And then to be cross-examined too, and have someone say, “no you didn’t – you’re weak, stupid, defensive, ah why didn’t you leave before?” It is blaming, it is putting the fingers all back on you and saying, “oh you’re complaining, you had another choice you could have left earlier.” (Plaintiff)

Butler & Bowe (1996) explain that shaming and blaming survivors of domestic violence often take the form of casting blame on women for the abuse they suffered. “American patriarchal society has relieved men of much of the responsibility for their abusive acts while blaming victims and sometimes condoning abuse (Locke & Richman, 1999, p. 2). Defendant attorneys often minimize women’s fears via blaming and shaming and outright denial that the abuse occurred.

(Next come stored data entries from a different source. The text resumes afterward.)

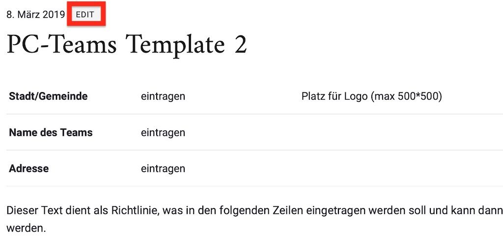 - Beim geöffneten Template mit einem Klick auf “Edit” in den Editmodus gehen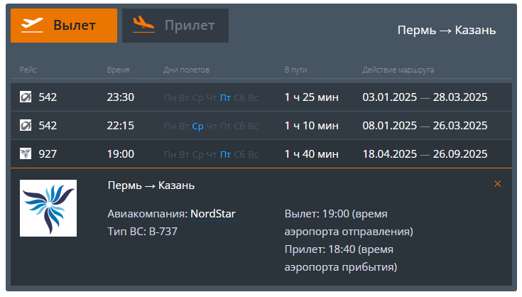 В расписании аэропорта Большое Савино добавился новый рейс в Казань. Перелёты по пятницам будет осуществлять авиакомпания NordStar на самолётах Boeing 737. Отправление в 19:00. Информация появилась на онлайн-табло а/п «Пермь». Первый вылет назначен на 18 апреля 2025 года, а завершающий рейс запланирован на 26 сентября 2025 года. NordStar — российская авиакомпания, входящая в число 15 крупнейших авиакомпаний России по данным Росавиации. Её пассажирооборот превышает более 1 млн человек в год. Выполняет внутренние и международные пассажирские авиаперевозки. Базовыми аэропортами являются «Домодедово» (Москва) и «Красноярск» (Красноярск). На данный момент рейсы из Перми в Казань уже выполняет авиакомпания «ЮВТ Аэро». Эти полёты являются субсидированными, лётная программа рассчитана пока до 26 марта 2025 года. Ранее сообщалось, что из расписания пермского аэропорта с января исчез прямой рейс до Красноярск. Ранее перелёты два раза в неделю выполняла авиакомпания «Россия» (входит в ГК «Аэрофло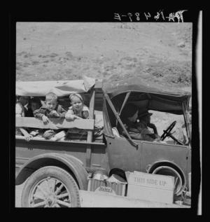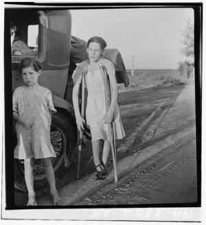 Children of Oklahoma drought refugees on highway near Bakersfield, California. Family of six; no shelter, no food, no money and almost no gasoline. The child has bone tuberculosis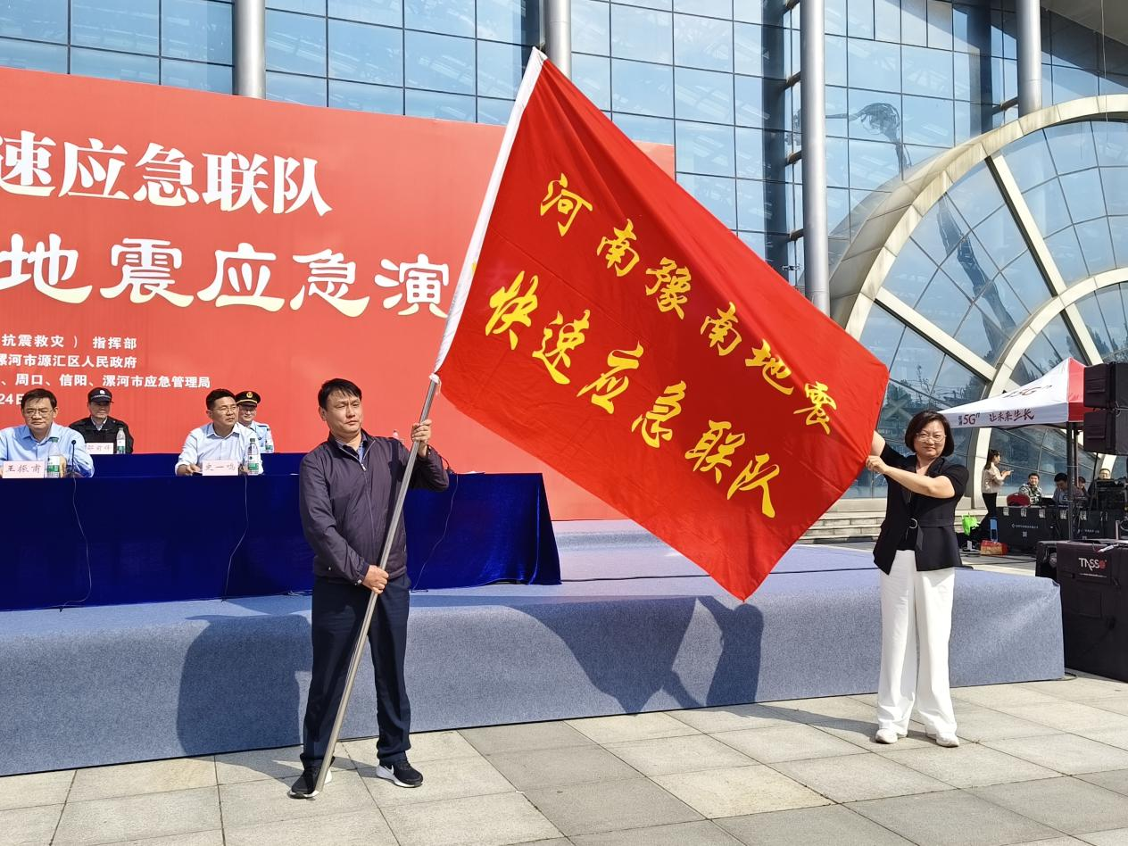 演練結(jié)束,漯河市防震減災(zāi)中心主任閆秋霞與周口市應(yīng)急保障中心主任袁志勇進(jìn)行了豫南地震快速應(yīng)急聯(lián)隊旗幟交接。

I’ve seen many, many women the majority of times, walk out without Restraining Orders when they didn’t have attorneys and the defendants did. But, what ends up happening there is – whether the attorney intends it or not – it acts as another level of intimidation for the plaintiff. Um, the defendant most certainly means it to be that. (Advocate)

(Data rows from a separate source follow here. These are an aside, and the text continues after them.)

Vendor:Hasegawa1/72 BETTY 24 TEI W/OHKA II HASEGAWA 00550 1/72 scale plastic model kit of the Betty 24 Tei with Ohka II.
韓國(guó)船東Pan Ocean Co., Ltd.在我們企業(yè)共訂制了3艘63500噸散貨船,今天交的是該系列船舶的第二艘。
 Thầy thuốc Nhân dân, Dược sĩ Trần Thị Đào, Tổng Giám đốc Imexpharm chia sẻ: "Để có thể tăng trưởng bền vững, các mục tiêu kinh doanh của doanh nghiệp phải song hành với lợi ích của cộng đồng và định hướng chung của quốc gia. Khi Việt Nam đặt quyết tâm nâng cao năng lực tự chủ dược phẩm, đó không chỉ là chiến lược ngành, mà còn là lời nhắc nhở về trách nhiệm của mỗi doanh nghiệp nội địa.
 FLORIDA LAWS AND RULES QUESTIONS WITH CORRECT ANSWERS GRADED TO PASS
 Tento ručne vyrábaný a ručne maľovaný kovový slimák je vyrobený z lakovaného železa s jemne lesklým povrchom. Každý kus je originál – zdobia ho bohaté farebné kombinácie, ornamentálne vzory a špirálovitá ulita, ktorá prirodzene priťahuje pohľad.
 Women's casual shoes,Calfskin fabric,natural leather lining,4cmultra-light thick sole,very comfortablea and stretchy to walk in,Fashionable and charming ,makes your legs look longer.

The presence of an attorney for the defendant can also intimidate the judge, “I think that judges are very aware of…dotting their “i’s” and crossing their “t’s” when an attorney is present” (Advocate). In addition to intimidating judges, we have seen where attorneys for the defendant will use manipulative tactics to align with the judge by saying things like, “your honor, we shouldn’t allow this Restraining Order to be made permanent because…” or “I know plaintiff is not aware of court procedures, but…”

6. Discussion
Plaintiffs and defendants use many similar argument styles in presenting their cases in the Restraining Order court such as positive self-avowals regarding social identification roles like good: wife, mother, dad, and father as well as negative other-ascriptions such as bad: wife, mother, dad, and father. However, defendants are described as having more credibility than plaintiffs due to relying more on chronologically –ordered, linear story lines, rather than the circular context-laden emotional appeals that plaintiffs often exhibit. Defendant attorneys will often utilize this disparate gender story structure to the defendant’s advantage.  Instead of claiming these characterizations blatantly as plaintiffs and defendants do, attorneys tend to infer these by asking questions that will prompt answers describing stories that paint these pictures for the judge. For example, in one hearing the attorney asked a series of questions about how the defendant procured citizenship for his wife and her daughter, thus the inference was that he is a good husband and provider and the judge attributed these positive characterizations to the defendant in his findings. Consequently, plaintiffs, defendants, and attorneys all use ethical appeals in their legal arguments.
However, few attorneys are knowledgeable about Restraining Order laws and successful argument styles in this court, and fewer still make direct appeals based on legal doctrine or frame presentations with any apparent eye on narrative theory. Nevertheless attorney outcomes were more likely to be favorable.
One primary advantage in having an attorney argue for you in this particular court is that she can be a physical and mental buffer between the plaintiff and the defendant or his attorney. This is an imperative aspect because there is much verbal and nonverbal intimidation occurring against historically battered women. As one attorney noted, “but when he gets to cross-examine her he can sort of utilize the resources of the state to reenact the abuse.”
Finally, it appears that having a third party such as an attorney would elevate one’s case due to having a person outside of the relationship believe your side and advocate on your behalf. So having a somewhat neutral person like an attorney can boost the ethos or credibility of a pro se party because the appearance of sponsorship by a third party may lend credence, because a third party can make claims that would sound boasting, evasive, or half crazy coming from a litigant. Finally there may be value in blanching these cases of some of their emotional content by means of agent representation; forcing judges to directly confront the emotions of battering situations often hurts women’s cases perhaps because of avoidance strategies or cognitive dissonance on the part of the judge (O’Keefe, 2002).
However, some courtroom participants argue that what attorneys do is not related to their training or does not require a limited-entry monopoly such as provided by a law degree and bar admittance.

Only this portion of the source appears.